Spider hitch to double braid, an improved albright with three turn uni lock to fasten leader and San Diego jam knot to attach everything else. I also use a San Diego jam knot to attach a swivel for bottom fishing.


----------



## MrFish (Aug 21, 2009)

lobsterman said:


> Spider hitch to double braid, an improved albright with three turn uni lock to fasten leader and San Diego jam knot to attach everything else. I also use a San Diego jam knot to attach a swivel for bottom fishing.


This.:thumbsup:


----------



## hjorgan (Sep 30, 2007)

*This works for me.*



tyler0421 said:


> If I was going to tie straight to my braided line (which I never do) I would probably just use a uni but go through eye of the lure twice.
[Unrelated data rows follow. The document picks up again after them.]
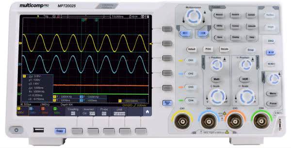 Spośród oscyloskopów o niewygórowanych parametrach warto wziąć pod uwagę przyrządy marki Multicomp Pro. W ofercie znajduje się wiele modeli o różnorodnych konfiguracjach.
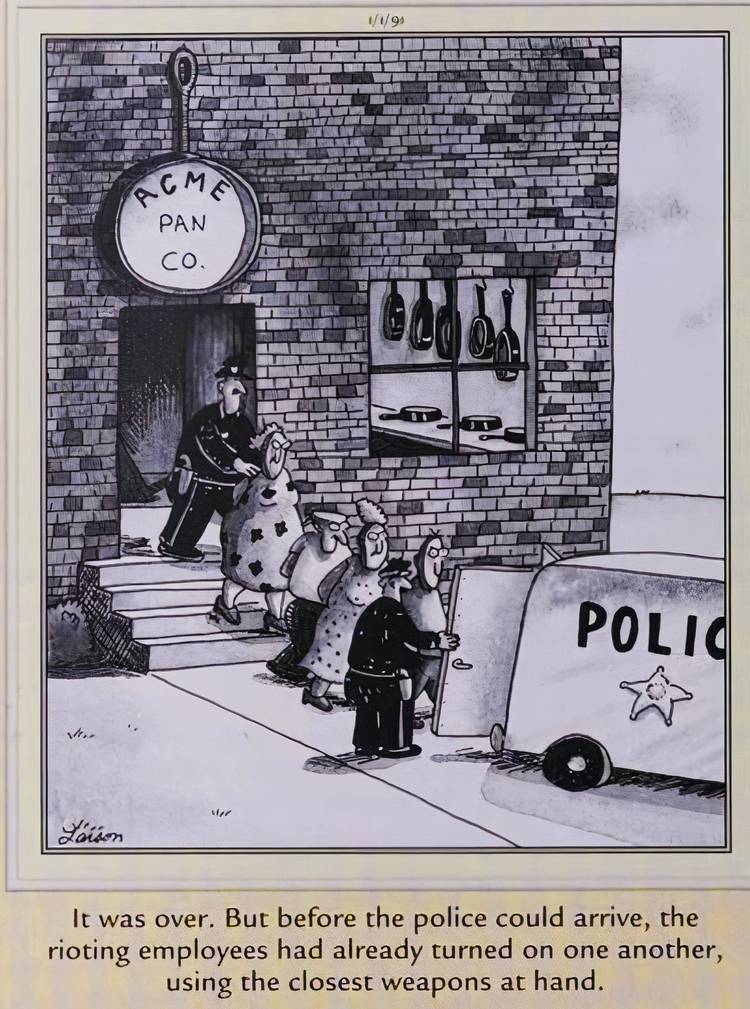 De todos El lado lejano Tiras que ponen disturbios en un centro de atención, esta es una que en realidad muestra las consecuencias. La policía ha venido y arrestó a los trabajadores de Acme Pan Co., llevándolos al carro para llevarlos a la estación. El subtítulo debajo de la caricatura señala que los trabajadores usaron las armas más cercanas que tenían a mano, que obviamente son sartenes, un elemento básico de violencia cómica y de dibujos animados. Es esa fusión inteligente de tropos familiares con consecuencias del mundo real lo que hace este Lado lejano Soltee un excelente ejemplo del sentido del humor único y hilarante de Larson.
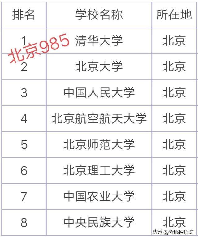 老穆有话说北京985大学,也就那么8所,各个都是不错的大学。
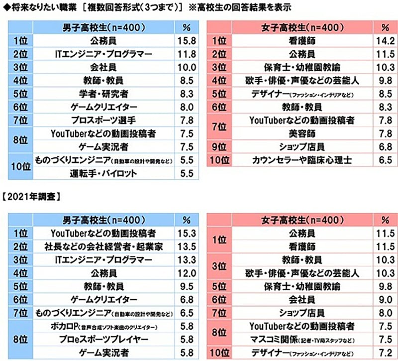 男子高校生がなりたい職業1位「YouTuber」→「公務員」に激変。若者の貧困化で「夢」に暗雲か
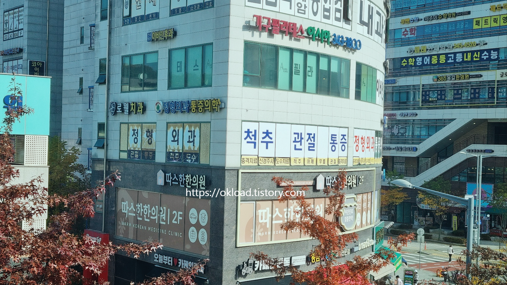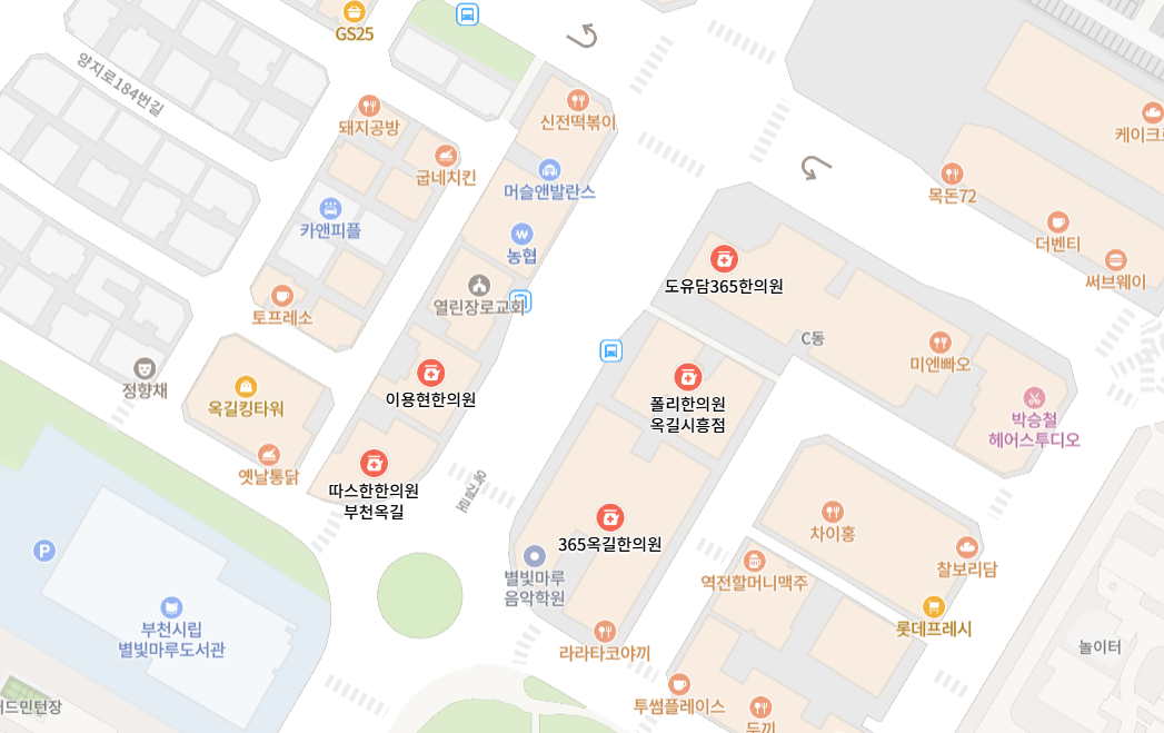 부천시립 별빛마루도서관 바로 앞 상가건물에 입점해 있는 따스한한의원이다.

I always have a flouro carbon leader on though.


And I use 8 to 10 wraps usually.


----------



## BrakeTurnAccelerate (Jul 1, 2012)

Palomar with a dab of super glue.


----------



## a (Oct 2, 2007)

Ive replaced the albright.. with the huffnagle...


----------



## jacksonville (Oct 2, 2012)

appreciate all the advice given and will put it to use and great fishing and a full icebox of fish


----------



## JonnyT (Dec 2, 2007)

No mono/fluoro leader? I thought that was a fishing must (getting as close to invisible as possible, at least in fooling fish into hitting lures).


----------



## JonnyT (Dec 2, 2007)

oxbeast1210 said:


> +1 works for me. But i use a leader


Yeah leader and lube. Jig loop knot for jigs and topwaters.


----------



## Tobiwan (Apr 27, 2012)

I tie a mono/flouro leader to the braid using a double-uni and then tie the lure to it using an improved fishermans not and never lost a fish due to knot failure.


----------



## audreyhudges (Sep 25, 2012)

I am having problem with this also, I tried knot just to make sure that fish will not let go but somehow it helps just for temporary. So, I am still looking for the best way to do this. I could take all the comment thread in here and try them as sooner as possible. 

_______________________
Outdoor Fitness equipment


----------



## Ocean Master (May 20, 2008)

I just use the improved clinch knot for inshore when tying braid to a swivel. In the last 10 years of using braid I have NEVER had it come loose. It's the same knot I use for mono or fluorocarbon.

My grandson took his Trout rod and reel to the Bridge Rubble last spring and caught a legal Amberjack on 15 lb. braid tied to a swivel and 20 lb. flouro leader with a Owner Mutu light circle hook all tied with the improved clinch knot.


----------



## KWCONCH79 (Aug 6, 2010)

Palomor Knot


----------



## jks0007 (Nov 4, 2010)

3 loop for everything I use. From tuna and marlin to trout. Works for braid and mono. But always wet the braid before you pull it tight.


----------



## knowphish (Apr 26, 2010)

colescoconutz said:


> The only knot I use with braid if im not tying a leader on is a Palomor Knot.


THIS!:thumbsup::thumbsup::thumbsup:


----------



## JonnyT (Dec 2, 2007)

In what scenario would one NOT use a leader with braid??? Other than the obvious "oops, I left all my leader material at home."


----------



## WW2 (Sep 28, 2007)

tyler0421 said:


> If I was going to tie straight to my braided line (which I never do) I would probably just use a uni but go through eye of the lure twice. I always have a flouro carbon leader on though.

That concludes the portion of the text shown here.